Si stava mettendo davvero male. Quella sorta di unanimismo della solidarietà che si era creato attorno a Charlie Hebdo aveva accomunato “tutte le persone di tutto il mondo” in modo indiscriminato e senza distinzioni. Come un cibo affatturato dal sapore dolciastro e farlocco. Inevitabile quando le emozioni sono, almeno apparentemente, formidabili.
Ovviamente non era e non poteva essere così. Siamo tutti Charlie Hebdo suonava strano (suona strano) perchè posticcio. Come ha mirabilmente spiegato Michele Serra, la satira non può essere “universale”, sennò non è più satira. Mentre la comicità può (e deve) essere compresa anche da un bambino un po’ scemo (Serra faceva l’esempio delle comiche di Stanlio e Ollio), la satira non solo segmenta per età e cultura, ma soprattutto richiede un accurato lavoro di decostruzione e contestualizzazione.
Il comico è pop, la satira è aristò. Se il comico è Masscult per riprendere la felice definizione di Dwight Macdonald o, peggio, Midcult (ovvero la “cultura media” che elabora prodotti d’intrattenimento fondamentalmente Kitsch prendendo in prestito gli stilemi dell’avanguardia; secondo MacDonald, esempi di Midcult sono Rostand, l’ultimo Hemingway, Thorton Wilder…) la satira non può che essere o cultura alta oppure, come nel caso del Vernacoliere, cultura popolare nel senso più nobile del termine, quello per intenderci di Antonio Gramsci.

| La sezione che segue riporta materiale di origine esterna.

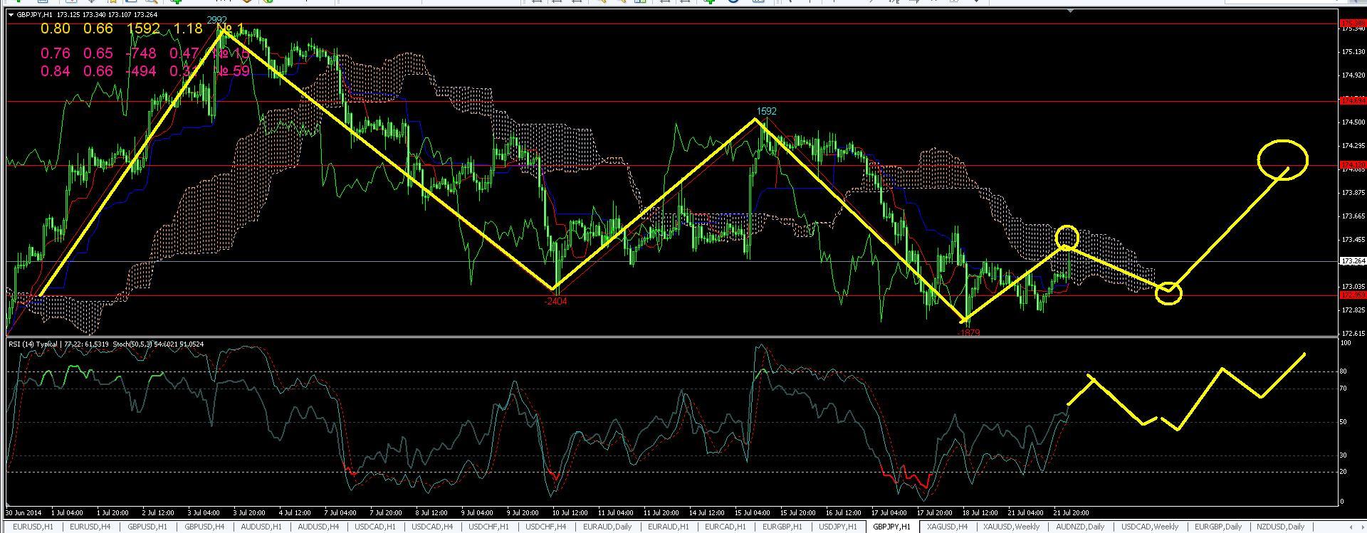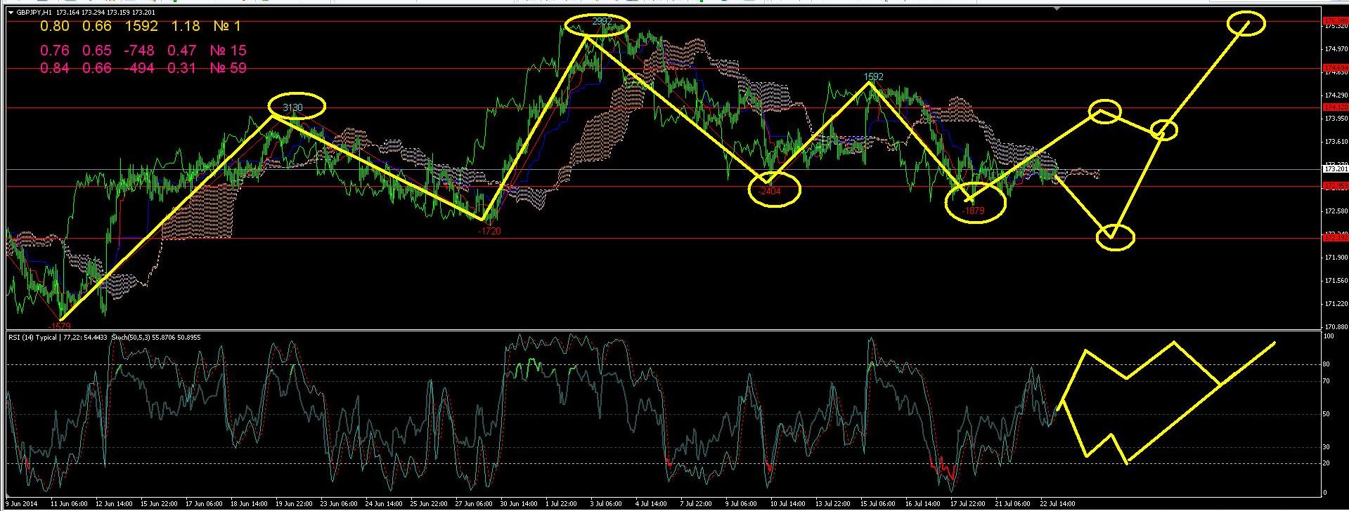 По паре GBPJPY на часовом графике пара постепенно корректирует вверх и жду завершения первой волны коррекции на уровне 173,30 далее вероятно будет снижения к уровню 172,80 откуда будет еще волна укрепления к уровню 174,10,пока такой вариант рассматриваю как основной, покупки при снижения считаю основным направлением.В долго срок пока смотрю в сторону продаж.

La satira è cattiva, graffiante, sgraziata. Maleducata, volgare, blasfema. Può piacere o disgustare, ma richiede – sempre – conoscenza delle cose, dei fatti, delle dichiarazioni. Chi non legge i giornali rischia di non comprendere una vignetta, anche quelle geniali e costumatissime di Altan, per fare un esempio; una vignetta quando funziona è un editoriale visivo che arriva dritto in pancia e in testa come un sorso di liquore forte.
La satira richiede erudizione e libertà di pensiero. Se sono ignorante, se sono un credente un po’ bigotto, oppure un funzionario sciocchino del PCI negli anni ’50, è ovvio che non capirò/non gradirò una beata mazza. La comicità è uno che inciampa, cade e si spiaccica sulla faccia la torta che stava portando in tavola. Stop. La satira è una cosa spesso cattiva (ma non necessariamente) che mette a nudo le falsità del potere, le ipocrisie dei potenti, le meschinità dei celebri che se la tirano, che fingono, che posano: Depardieu che chiede la cittadinanza russa per non pagare le tasse, gli snobismi scemi della Carlà Bruni in Sarkozy, Hollande col casco in testa e il pisello (piccolo) fuori dalla patta… La satira quando funziona fa ridere svelando una verità. La comicità fa ridere (se fa ridere) e basta.
Tornando al gravissimo rischio che stava correndo Charlie – ma quant’è buono, ma quant’è bello il catarro del cammello! – grazie al cielo, è il caso di dirlo, è arrivato il selfie di Francesco. Dall’alto dei cieli in volo verso le Filippine, il Papa ha dichiarato che – certo – non si ammazza in nome di Dio. Ma se uno offende la mamma (la sua, la nostra, entrambe?) è lecito che si attenda un pugno.
La mamma, la più grande istituzione che la cultura giudaico-cristiana abbia mai creato. Toccami tutto, ragazzo latino, ma la mamma, la mamma no!
Così Francesco, comunicatore pop che neanche Matteo Salvini, in un colpo compie ben tre miracoli: attualizza il Vangelo (l’altra guancia da porgere sparita) salva l’onore dei vignettisti e crea una nuova categoria del genere “se la sono cercata”.
Se ammazzarli è troppo, diciamo che un sacco di legnate i Charlie anarco-libertini se le meritavano?